## TRY IT
Copy out the listing that follows, exactly, without its pictures.

* * * * * * *

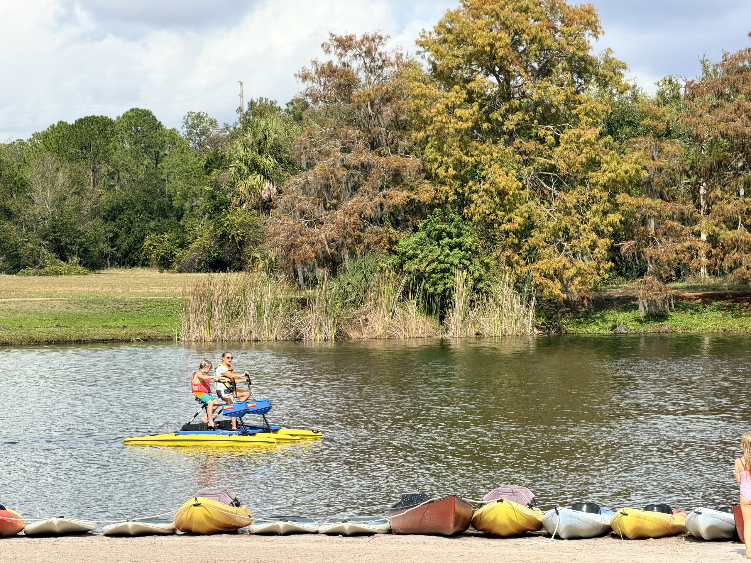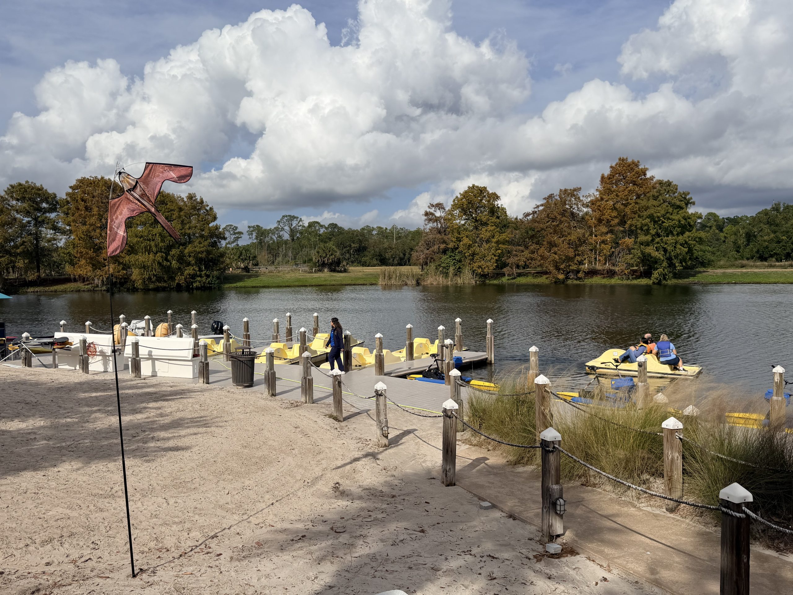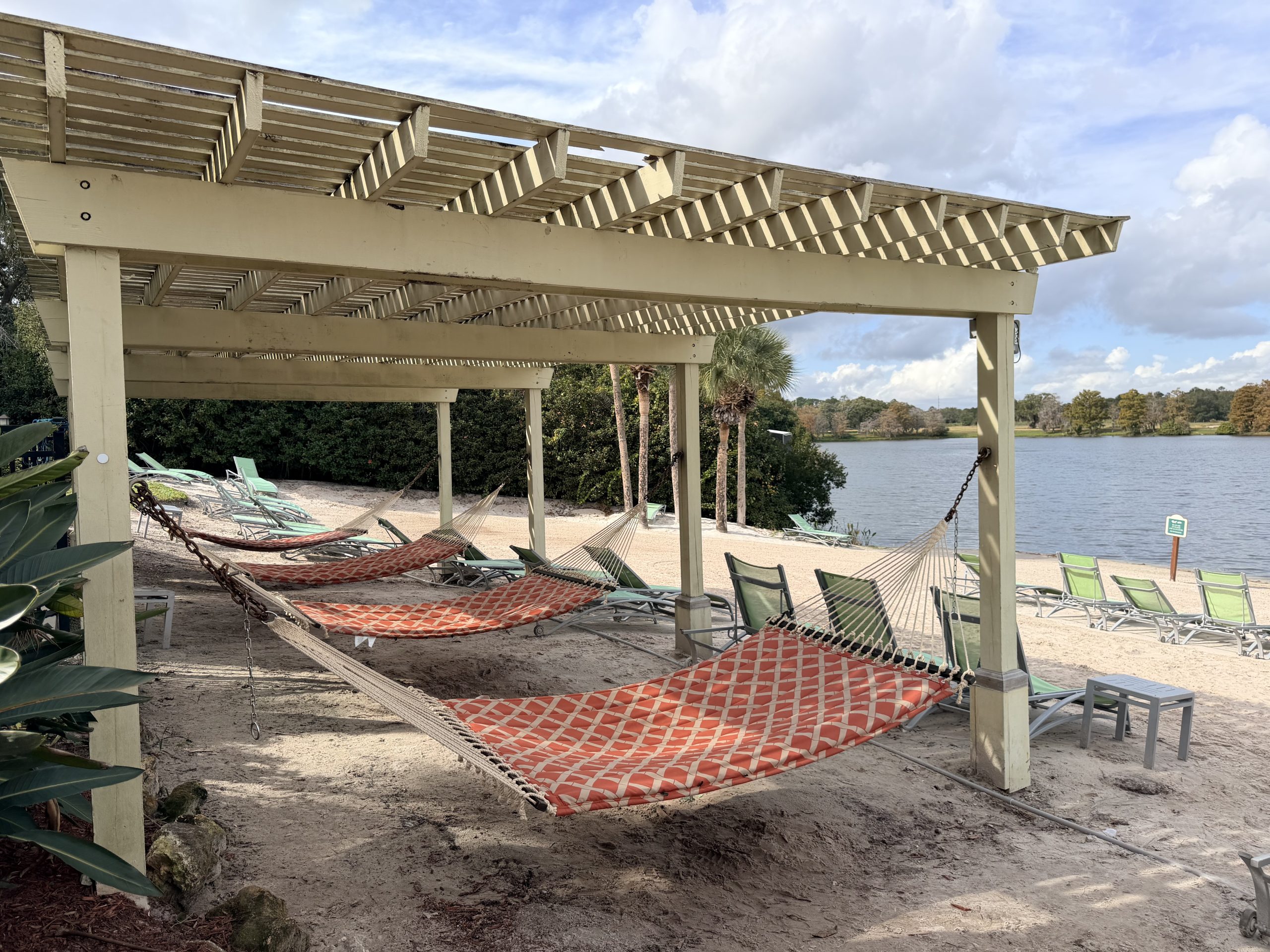 這邊有個人工湖泊,旁邊還有個小沙灘,同時附近還有擺放數個舒服的吊床可以休息。除此之外,這裏還有腳踏船與水滑板之類的器材可以借用。
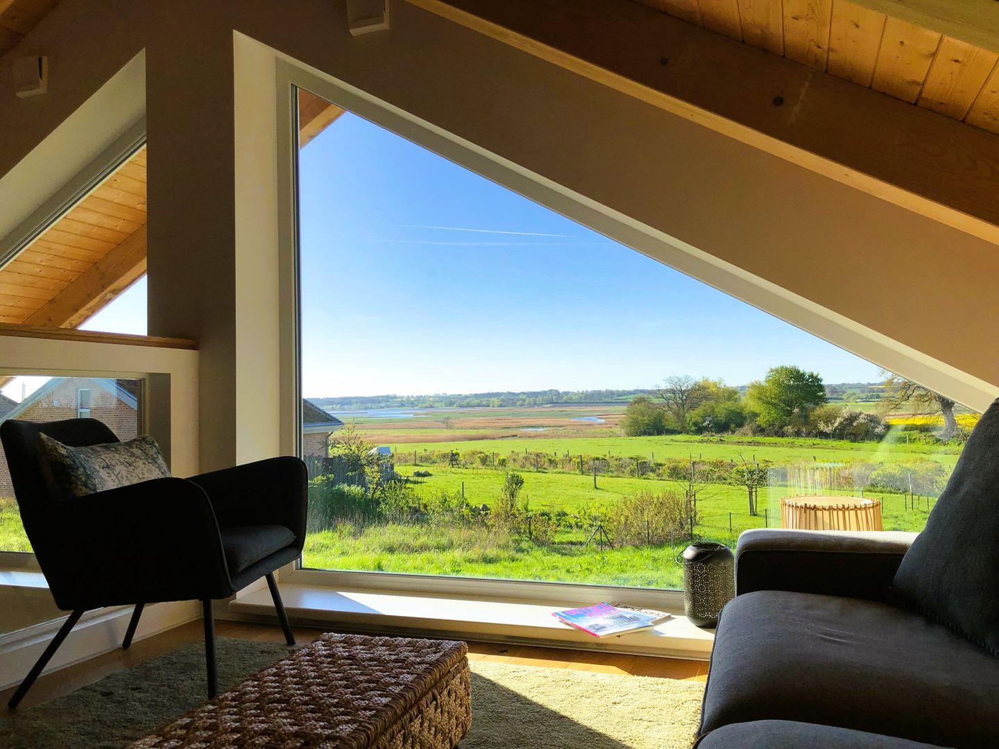 Das Haus mit eigenem Grundstück (rund 840 m²) liegt von der Straße abgewandt und direkt anschließend an das Naturschutzgebiet „Sehlendorfer Binnensee“. Von der Terrasse, durch die Panoramafenster im Wohnraum des EG oder von der Galerie bietet sich ein traumhafter Blick auf das Landschaftsschutzgebiet. Es lassen sich unzählige Vögel, wie Kraniche, Frischreiher und sogar Seeadler, weidende Galloway-Rinder und das immer wieder wechselnde Lichtspiel am weiten Himmel beobachten.
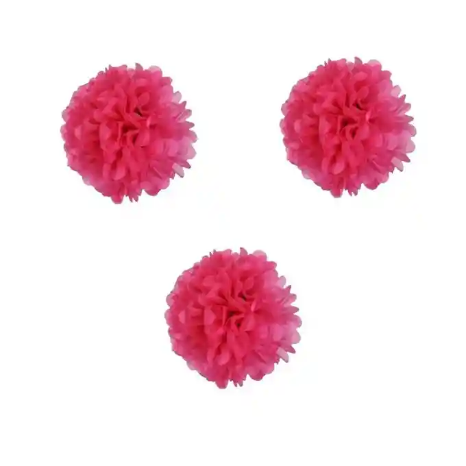 Pompones en papel seda fucsia Paquete x 3 unidades 40 cms. Fáciles de armar. Incluyen cinta para colgar no vienen armados
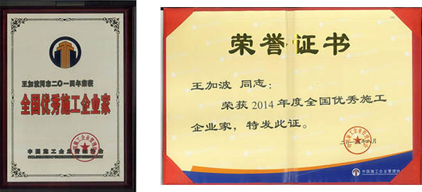 2015年9月17日,中國施工企業(yè)管理協(xié)會在北京召開“2015年全國施工企業(yè)領(lǐng)軍人物峰會”,在會上,集團董事長王加波被授予 “全國優(yōu)秀施工企業(yè)家”榮譽稱號。
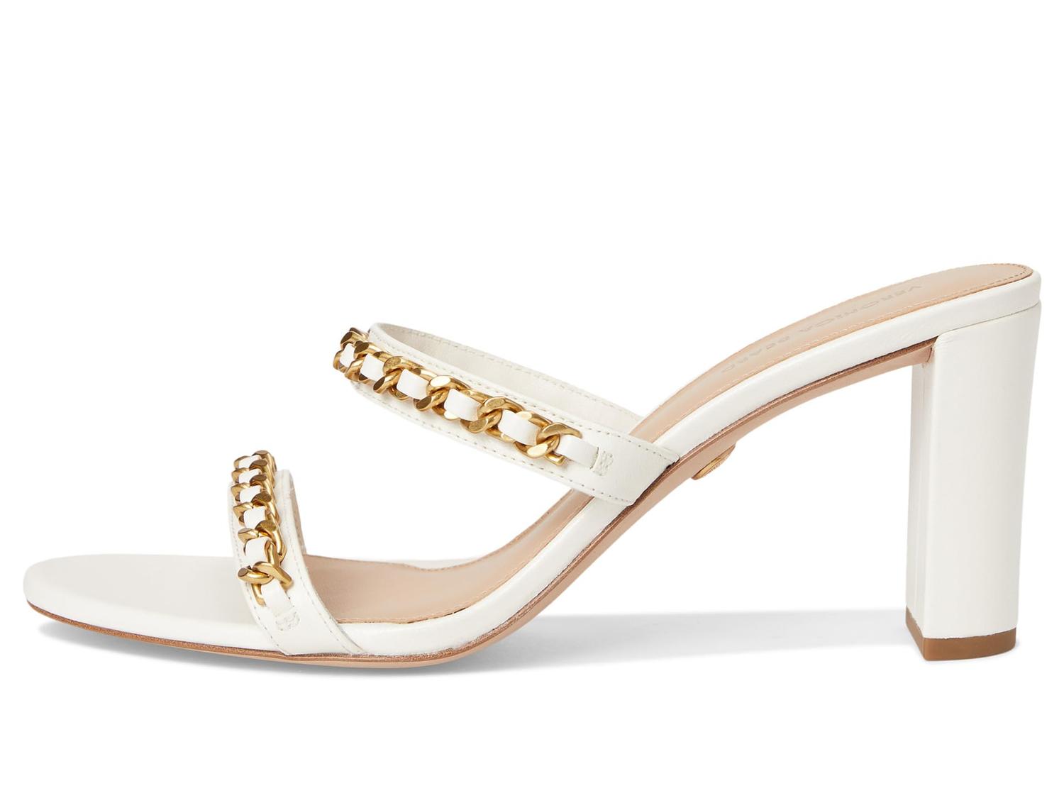 • Искусно изготовленные из кожи, босоножки Veronica Beard Gretchen представляют собой шлепанцы с двумя ремешками, украшенные золотыми звеньями цепи. Мягкая стелька и прочный блочный каблук завершают образ. Верх, стелька и подкладка этих босоножек на каблуке выполнены из кожи. Добавьте элегантности в свой образ с этими босоножками без застежек.
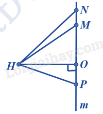 Đường vuông góc kẻ từ H xuống đường thẳng m là HO.
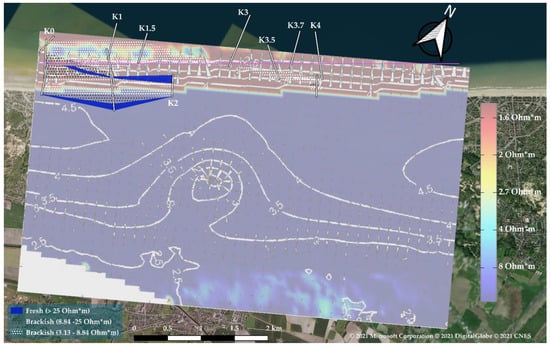 to convert the bulk resistivity () to the pore water resistivity (). A formation factor (F) was estimated for both zones, which was 3.2 for De Westhoek [39] and 4 at Sint-André [8]. We distinguish between fresh- (higher than 20 or 25 Ωm respectively), brackish, and salt water (below 2.5 or 3.125 Ωm respectively).
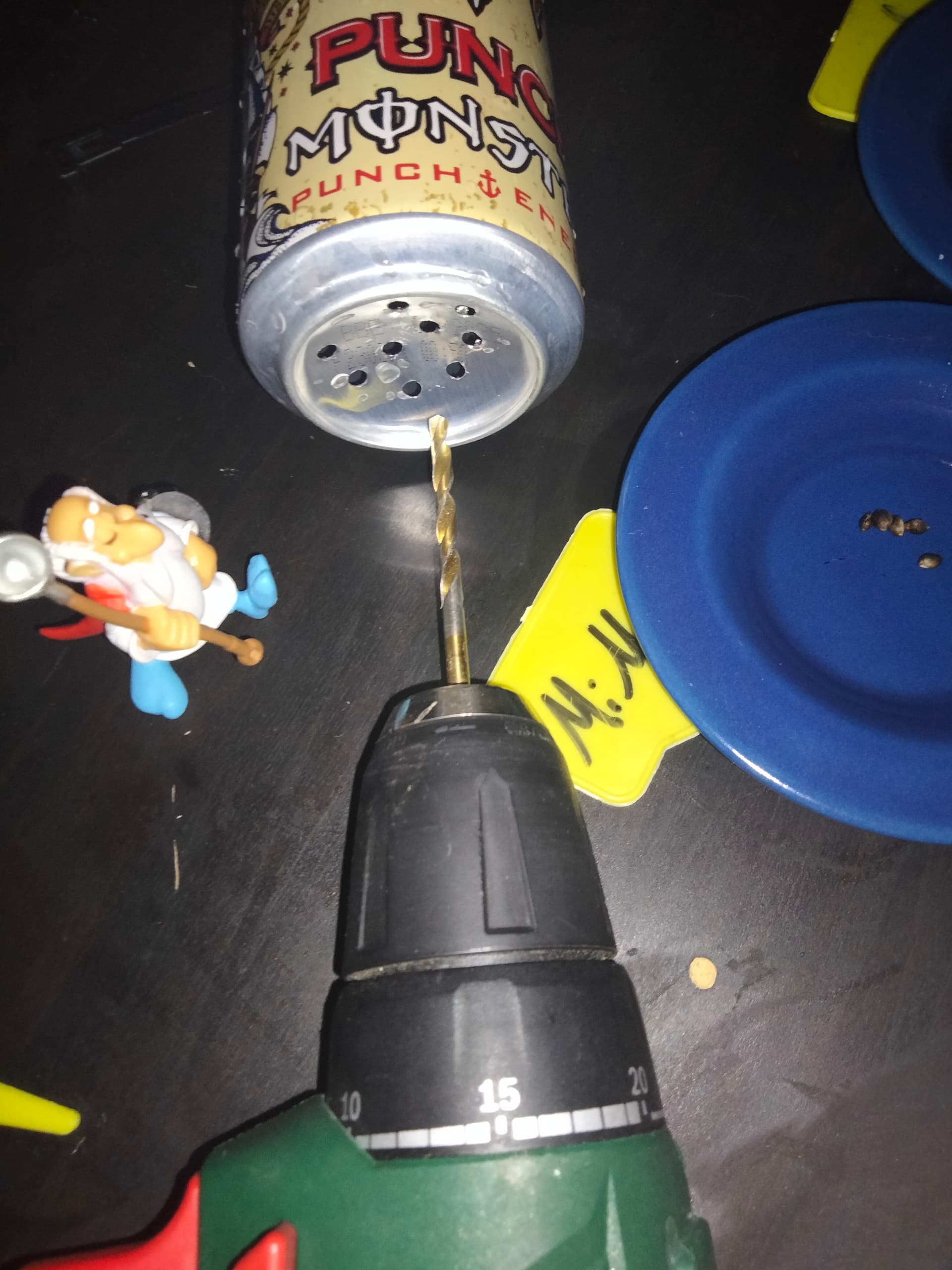 Ich weiß nicht ob das eine Rolle spielt, ich habe die Löcher außerhalb vom unteren Ring gebohrt um den Abfluss ohne zusätzliche Erhöhung zu ermöglichen. Und kleiner Tipp: schau mal ob du noch alte Tassen hast wo die Dose evtl. reinpasst. Top zur Bewässerung geeignet!
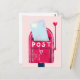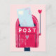 A whimsical red postbox illustration with a blue valentines / love note being sent to your loved one on a pink background

* * * * * * *

## RESULT OF THE TASK
 這邊有個人工湖泊,旁邊還有個小沙灘,同時附近還有擺放數個舒服的吊床可以休息。除此之外,這裏還有腳踏船與水滑板之類的器材可以借用。
 Das Haus mit eigenem Grundstück (rund 840 m²) liegt von der Straße abgewandt und direkt anschließend an das Naturschutzgebiet „Sehlendorfer Binnensee“. Von der Terrasse, durch die Panoramafenster im Wohnraum des EG oder von der Galerie bietet sich ein traumhafter Blick auf das Landschaftsschutzgebiet. Es lassen sich unzählige Vögel, wie Kraniche, Frischreiher und sogar Seeadler, weidende Galloway-Rinder und das immer wieder wechselnde Lichtspiel am weiten Himmel beobachten.
 Pompones en papel seda fucsia Paquete x 3 unidades 40 cms. Fáciles de armar. Incluyen cinta para colgar no vienen armados
 2015年9月17日,中國施工企業(yè)管理協(xié)會在北京召開“2015年全國施工企業(yè)領(lǐng)軍人物峰會”,在會上,集團董事長王加波被授予 “全國優(yōu)秀施工企業(yè)家”榮譽稱號。
 • Искусно изготовленные из кожи, босоножки Veronica Beard Gretchen представляют собой шлепанцы с двумя ремешками, украшенные золотыми звеньями цепи. Мягкая стелька и прочный блочный каблук завершают образ. Верх, стелька и подкладка этих босоножек на каблуке выполнены из кожи. Добавьте элегантности в свой образ с этими босоножками без застежек.
 Đường vuông góc kẻ từ H xuống đường thẳng m là HO.
 to convert the bulk resistivity () to the pore water resistivity (). A formation factor (F) was estimated for both zones, which was 3.2 for De Westhoek [39] and 4 at Sint-André [8]. We distinguish between fresh- (higher than 20 or 25 Ωm respectively), brackish, and salt water (below 2.5 or 3.125 Ωm respectively).
 Ich weiß nicht ob das eine Rolle spielt, ich habe die Löcher außerhalb vom unteren Ring gebohrt um den Abfluss ohne zusätzliche Erhöhung zu ermöglichen. Und kleiner Tipp: schau mal ob du noch alte Tassen hast wo die Dose evtl. reinpasst. Top zur Bewässerung geeignet!
 A whimsical red postbox illustration with a blue valentines / love note being sent to your loved one on a pink background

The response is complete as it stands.